At the end of a short primary challenge, Unz got 34 percent of the vote, a credible showing. But he left a raft of disappointed allies in the campaign’s wake. His campaign strategist, Arnold Steinberg, acknowledges that the campaign ”collapsed after about three weeks,“ largely because there was no money to keep television advertisements on the air. According to others active in the campaign, few if any of the staff members who worked on that first campaign still support Unz, because he didn‘t know how to build good working relationships.

In any case, the post-election situation in 1994 was deeply depressing for Unz. ”Proposition 187 won in a landslide and Pete Wilson won in a landslide, and immigration became the really hot-button national issue,“ Unz recalls. ”That was the primary reason I’d run against Wilson, and for all my effort -- or perhaps because of my effort -- suddenly immigration seemed to be moving in the opposite direction.“ Depleted both psychologically and financially, Unz went back to work in his business, writing new software code, and he stayed involved only tangentially in politics by cooperating with a network of pro-immigrant activists to oppose new restrictions proposed on immigration by the Clinton administration and the Republican-controlled Congress.

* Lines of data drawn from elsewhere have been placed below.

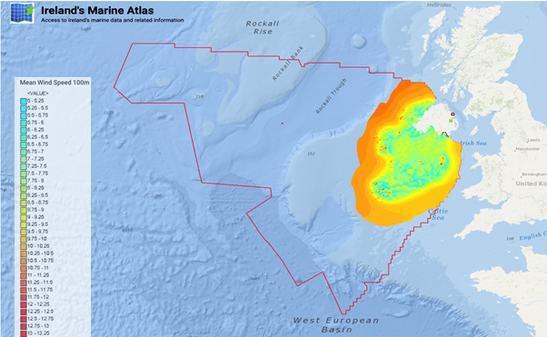 The shades of yellow and orange off the coast of Ireland indicate mean wind speed. The key in the slide shows that the darker the colour of orange, the faster the average wind. The slide shows that the wind resource is greatest off the West/North-West coast of Ireland making this region the most opportune for floating wind farm development.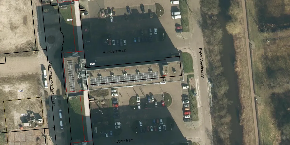 Mutsaersstraat 19 is gelegen op kadastraal perceel VUG00D2100. Deze kadastrale aanduiding is uniek en wordt gebruikt door het Kadaster om eigendomsrechten en andere zakelijke rechten vast te leggen. Het perceel maakt onderdeel uit van de kadastrale gemeente Vught.
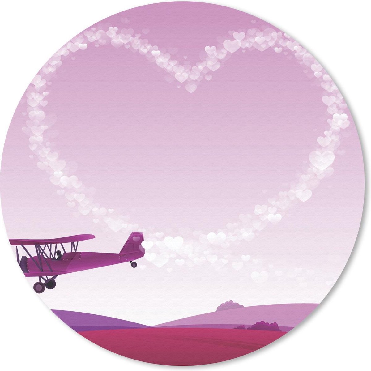Muismat rond 50x50 cm - Mousepad Een illustratie van een vliegtuig in een roze lucht - Ronde muismatten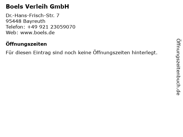| Öffnungszeiten Boels Verleih GmbH in Bayreuth anzeigen | |

Unz‘s re-entry into politics came a year and a half later, in 1996, when he seized on the highly publicized boycott by parents of students at Ninth Street Elementary School over bilingual programs in the school. He proceeded to draft and campaign for a ban on traditional bilingual programs in California schools. To mount the campaign, Unz executed another one of his ”diagonals.“ He allied himself not with the already existing anti-immigrant English advocates, but with a left-wing Episcopal priest, Alice Callaghan, who runs social-services programs for garment workers and their children in Los Angeles.